TASK OBJECTIVE: Before copying, set the pictures aside; then repeat every line below verbatim.

DATA PROVIDED:

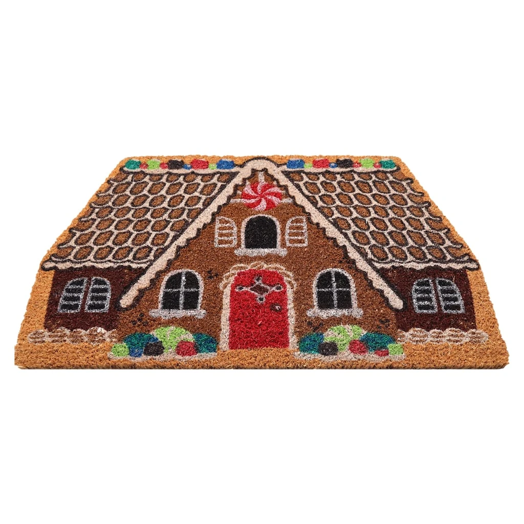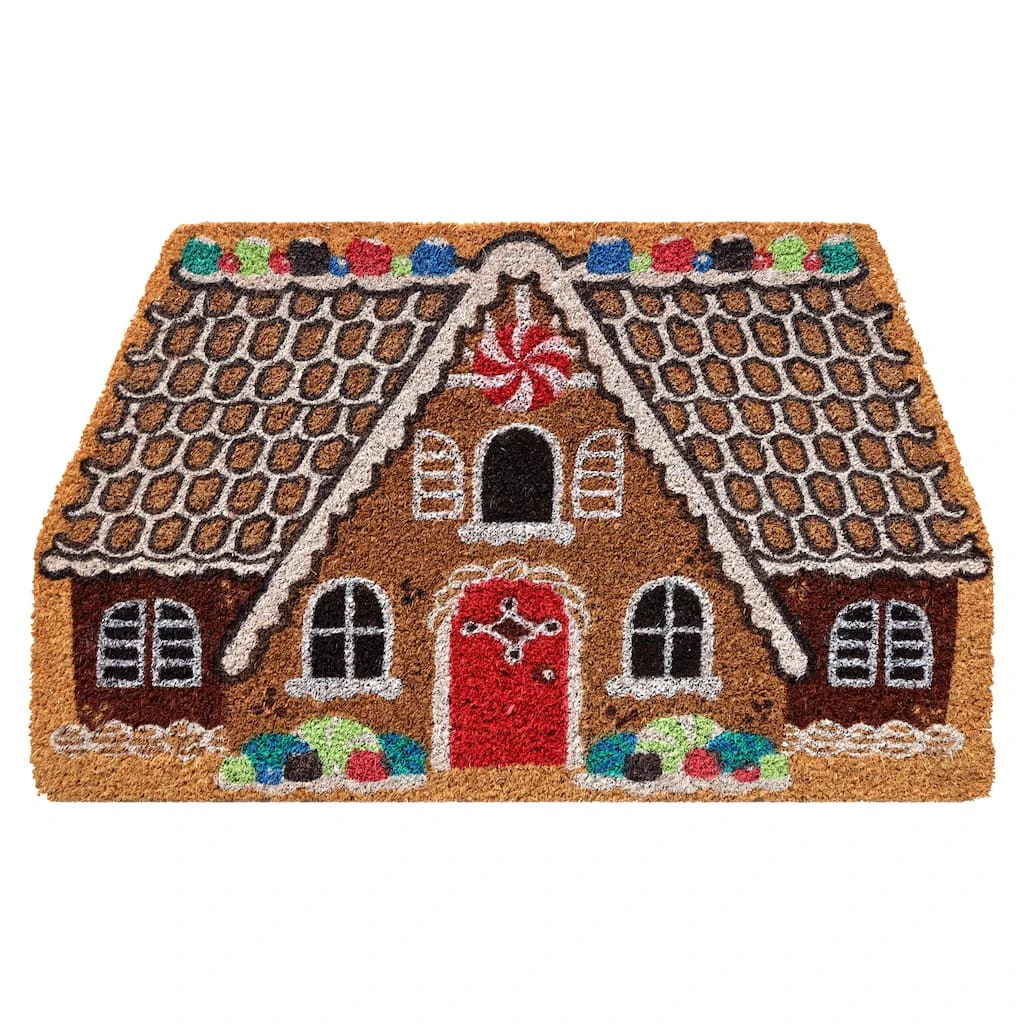 This beautiful welcome doormat adds a classic design to your dรฉcor! Welcome guests with this charming candy house featuring color that resists fading. It showcases heavy duty bristles for scraping dirt and debris from shoes and an anti-slip backing that prevents moisture from passing through. This doormat is great for both indoor and outdoor use.
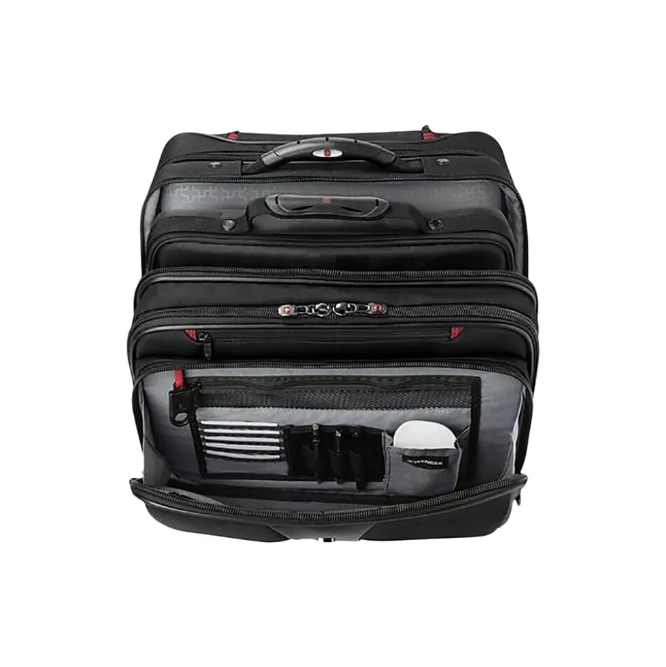 Increase the comfort of carrying a laptop while on business trips with this roller set. The Comp-U-Roller has a padded compartment that protects your laptop, while the removable slimcase enhances versatility and convenience. An ergonomic trolley handle makes this rolling case comfortable to carry all day long, and the easy-glide wheels enable easy movement. This Wenger Patriot II rolling case has an expandable file divider, which helps you organize documents.
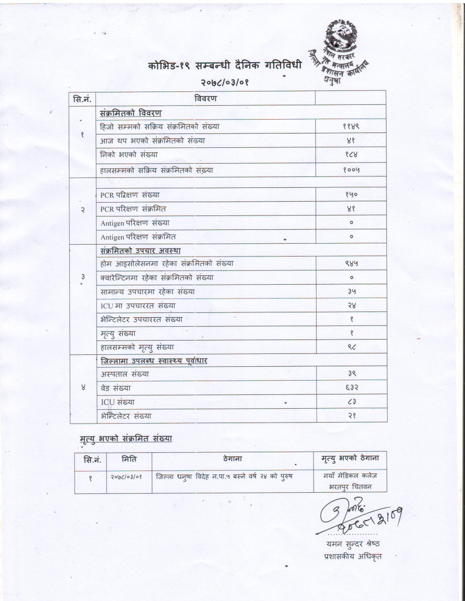 २०७८/०३/०१ काेभिड १९ सम्बन्धी दैनिक गतिविधी

SOLUTION TO THIS EXERCISE:
 This beautiful welcome doormat adds a classic design to your dรฉcor! Welcome guests with this charming candy house featuring color that resists fading. It showcases heavy duty bristles for scraping dirt and debris from shoes and an anti-slip backing that prevents moisture from passing through. This doormat is great for both indoor and outdoor use.
 Increase the comfort of carrying a laptop while on business trips with this roller set. The Comp-U-Roller has a padded compartment that protects your laptop, while the removable slimcase enhances versatility and convenience. An ergonomic trolley handle makes this rolling case comfortable to carry all day long, and the easy-glide wheels enable easy movement. This Wenger Patriot II rolling case has an expandable file divider, which helps you organize documents.
 २०७८/०३/०१ काेभिड १९ सम्बन्धी दैनिक गतिविधी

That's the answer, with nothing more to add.